Lately I have been working my way around the sprawled furl of moss and crabgrass that is our lawn, where it intersects with and overlaps the mysteriously vast expanses of slurred and broken concrete aprons and purposeless cement curbs that measure our property’s internal geometry. The tools I use as I ruthlessly demarcate, again, the boundary between the organic and the architectural are a square-end spade and a half-moon edger, the geometer’s straight edge and half circle, Apollo’s rule and Diana’s curve.

Reclaiming the formerly fringed and fronded concrete is hard work, and leaves me sore and winded each evening before I clamber up the steps to the kitchen to cook dinner. It’s the only exercise I have been getting since moving out past the end of the sidewalk.

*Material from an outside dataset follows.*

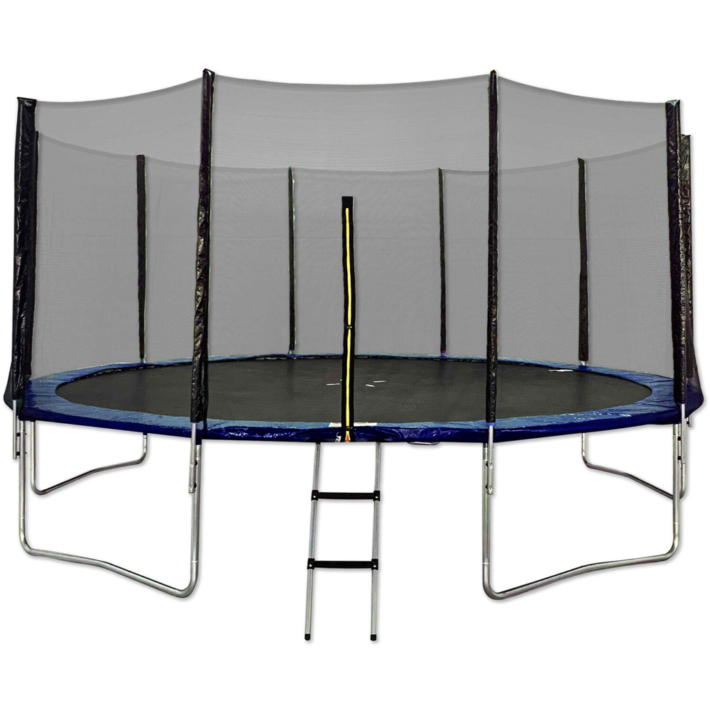 Add fun to the outdoor space with this Trampoline Warehouse 16ft Blue Trampoline with a Safety Enclosure Net. This trampoline makes the perfect addition to your backyard for summer fun and school holiday adventures. Featuring an external safety net enclosure, the trampoline ensures that safety is a top priority while you're bouncing away. With a secure design, it provides complete peace of mind while your children play in the outdoors. Equipped with 110 x 180mm springs and a sturdy 1.4mm thick steel frame, this trampoline provides a bounce that's sure to bring smiles to everyone's faces. Also, with a maximum weight limit of 150kg, it is perfect for children and young adults. For added convenience, this package includes a free ladder to make little ones climb on and off the trampoline with ease.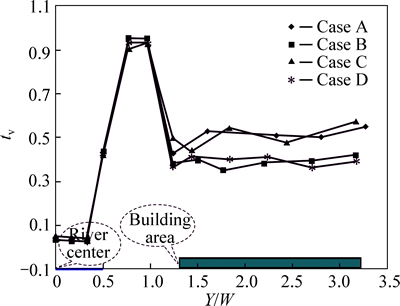 Figure 14 shows the distribution of tv of the four cases. Y represents distance from the center of the water body, and W represents the width of the water body. In this work, tv was calculated as the spatial-average value at a height of 1.5 m from the ground in the sampling sections, which are shown in Fig. 10. It can be observed that most of the cases remain at the same with lower temperature above the water body and higher temperature in the building area. The values in every case begin at the low level of 0.03 and stay the same above the water body due to the cooling effect of the water body itself. Then, these values increase rapidly when the sampling points are located away from the water surface. The main reason for this increase is that air is heated by convection at the ground due to solar radiation. After air flows inside the building area, the results have different trend due to the complicated building distribution in each case. It is obvious that tv values of Case B and Case D are lower than those of the other two cases, meaning that relatively cooler airflow can easily enter the building area. It can be seen from Table 2 that Case B and Case D have a lower height of the frontal buildings. Additionally, Case B and Case D have more building rows, which means more sun shadow at noon at a pedestrian height. This additional shadow is also an advantage of the cooling effect. In contrast, Case A and Case C have both a high building floor area ratio and fewer building rows, leading to more heat gain. However, this heat gain indicates that the cooling effect of the water body does not go far into the building area but is only limited to the neighborhood, and its cooling effect is closely connected to the building distribution.

The mats of mossy grass and grassy moss I dismember are generous in scope, in some cases nearly a foot wide and a couple of yards long. Some of the trimmed flash is nearly pure moss, and has the soft, light texture of human hair. Loth to simply chuck the trimmed turf, I have been laying it atop areas of the lawn previously denuded due to shade and root competition, expecting to prune the overhangs shortly.

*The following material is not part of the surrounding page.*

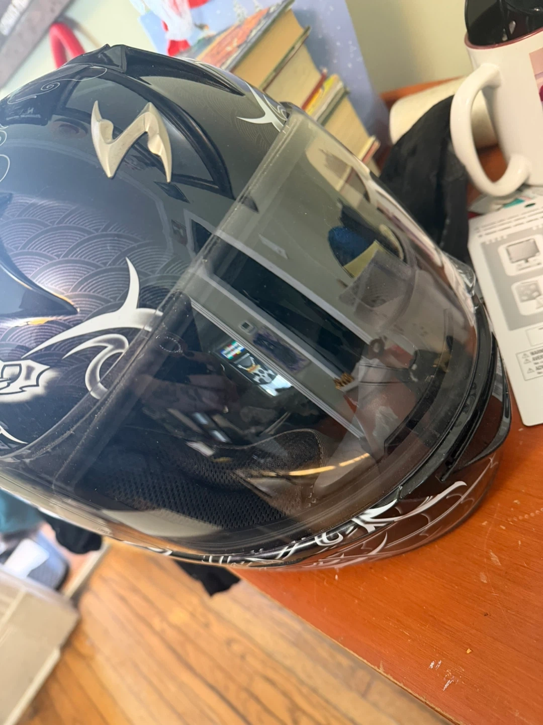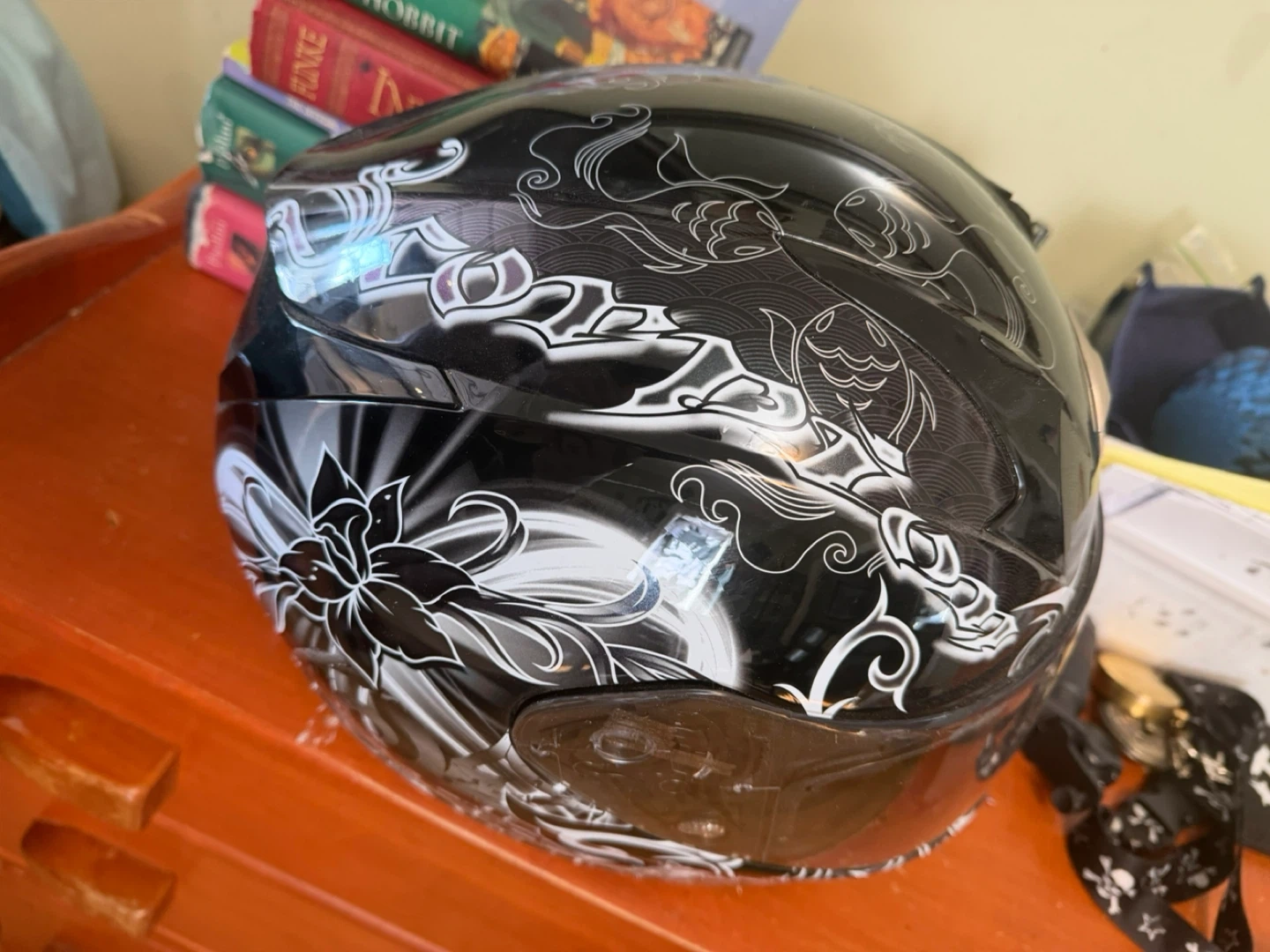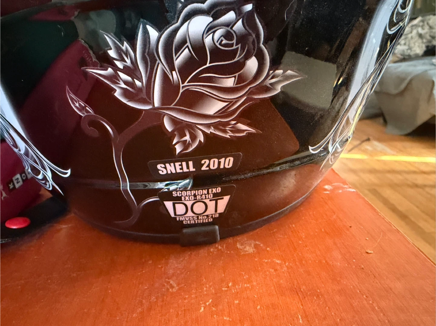 This Scorpion EXO-R410 helmet features a black shell with a white and grey floral design. It meets Snell 2010 and DOT standards. It's a full-face helmet for riders. Size small 55-56cm.

As I step, hard, onto the lip of the edger, feeling the satisfying ‘chunk’ of the blade as it scrapes along the edges of this concrete coffer or that cracked pavement, I muse and curse. I don’t believe the work I’m performing is moral. I believe it’s an expression of the spirit of evil in the world, of territoriality and division and inorganic order over biological diversity and lushness. I’m the executioner. I’m the enforcer. I’m wasting my time and at the same time committing sins against my nature and that of the world.

I’m probably going to need some pretty decent pruning shears when I get to the bushes and the trees.